Figure 1: Conditional probability of failure – age related

Figure 2: Conditional probability of failure – random

First, these curves should not be considered as age related or random. They are all charts that reflect the conditional probability of failure and are all on some sort of timeline, so lumping them into those two categories may not be appropriate. For example, the random charts include the so-called infant mortality curve, which also makes up part of the bathtub curve, and it does indicate a higher risk of early life failure on a time line. Moreover, conditional probability of failure is constant for some period of time in five of the six curves and represents some 83 to 97 percent of the total equipment covered in the studies, depending on which study you select. A constant conditional probability of failure means that the probability of failure of any given machine in a set is equal to the probability of the failure of any other machine. More simply, it’s a random failure pattern, as shown in Figure 3. Any comments to the contrary are welcomed.

The conditional probability of failure curves can be confusing relative to how they are applied to the development of the correct maintenance strategy for a specific part or component. The human element could play a big difference in how a part or component fails. As an example, if you misalign a bearing, it increases the load and the bearing could appear to be a pattern C failure. If you forget to lubricate, it will appear to be a pattern F failure. As such, the distributions represent how a component will fail if it is properly designed, installed and maintained.

It is important to first determine whether a component has a wear-based or random-based failure mode. Is corrosion, erosion, or abrasion present, or are you witnessing a random event that could happen at any time? As you understand the specific components and failure modes, you begin to understand why, for example, some hydraulic and pneumatic components fit pattern E and others fit F. Ask, what is the difference between patterns E and F? Is it always human error that makes a component fit pattern F?
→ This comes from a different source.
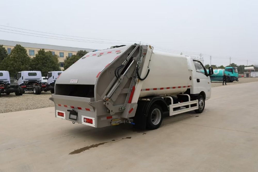 該車特點 涂裝采用噴粉加烤漆工藝。箱體容積3 立方米,為高強度鋼制作的弧形無泄漏船型箱體,頂部有刮滑板,防止垃圾泄漏和異味擴散。液壓系統(tǒng)采用國產(chǎn)油缸、睿宸油泵、揚州中梅多路閥。后帶翻桶架,可掛 2 只國標 240L 方塑料桶,提升機帶無線遙控。填裝器舉升油缸帶平衡閥,帶氣動密封蓋,填充器底部有污水箱,還配備作業(yè)后支腿和電控限位感應系統(tǒng)。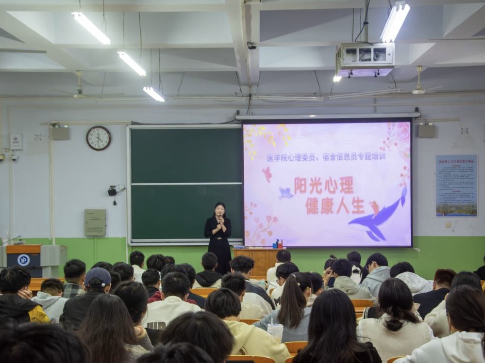 心理委员和宿舍信息员作为基层班干部,是学生群体中至关重要的信息传递员,要不断提高自身的危机事件处理能力,尤其对出现高危倾向苗头的学生,要及时给予帮助,并做到与辅导员进行密切沟通、如实汇报。医学院高度重视基层心理委员、宿舍信息员队伍的工作水平和心理健康素质,今后将不断创新心理健康教育教学形式,组织开展有益于大学生身心健康的文体活动,加强心理健康知识的宣传和普及,更好地满足学生对心理健康教育需要,维护校园的和谐稳定。

Figure 3: Random failure pattern in 30 identical components

It also should be pointed out that not everyone is familiar with some of the databases underlying these charts, while perhaps others have a much better handle on the data and any other analysis, for example, Weibull analysis, that might shed more light on them. Even using Weibull analysis, it may be a hard slog.

With all that in mind, the impressions from these charts are as follows:

  1. The highest risk of failure is during the infant mortality period. As such, design, fabrication, installation and start-up practices are the first order of business, e.g., designing and procuring for ease of operation and maintenance, including robust component selection; fabricating and installing with craftsmanship and precision to a very high standard; and start-up using detailed and precise start-up procedures. All of this requires a high degree of training, development, experience, and resulting skill. Without that skill, far more defects and failures are induced than otherwise would be.
  2. The random pattern applies to some 90% of the charts, so excellence in condition monitoring linked to actionable plans is critical. The approach to condition monitoring will depend on the failure modes associated with the equipment – selecting the technique or technology most applicable for detecting it, the frequency of those failures, and the consequence of the failure. A general rule to follow is that the rate of deterioration, combined with the severity of condition and the consequence of failure, will provide guidance for applying your judgment to the priority for action. So, the greater the rate of deterioration, the greater the severity of condition, the greater the consequence of failure, the greater the priority for action. Also, recognize that operators and inspectors must be part of any condition monitoring program since there are more of them and they can detect about as many defects as traditional predictive maintenance tools. The ability for humans to detect defects/failure comes much later in the P-F interval, but operator inspections/rounds are a must and should be done in combination with condition monitoring tasks.
  3. Time-based intrusive maintenance doesn't apply very often and, in fact, if arbitrarily applied, increases the risk of infant mortality defects and failures by doing unnecessary tasks. It will also increase your maintenance costs. You should only do it when you have data to validate your activity, and only with skilled personnel.
  4. The time frames are not explicit on any of the charts observed, so they likely vary with the type of equipment, its application and its failure modes. For example, the infant mortality period for a bearing might be 30 days, but for a transformer, maybe one year, or for an electronic instrument, one day. Although there might not be data or the analytical skills to assess these, they should be taken into account, if possible. These distributions are a model, but without a specific timeline for each. For example, if you fail to lubricate a high speed bearing, how long will it take to seize? What if it’s a low speed bearing? One could be minutes, the other months, but regardless, both bearings failed well before they should have. Both are infant mortality.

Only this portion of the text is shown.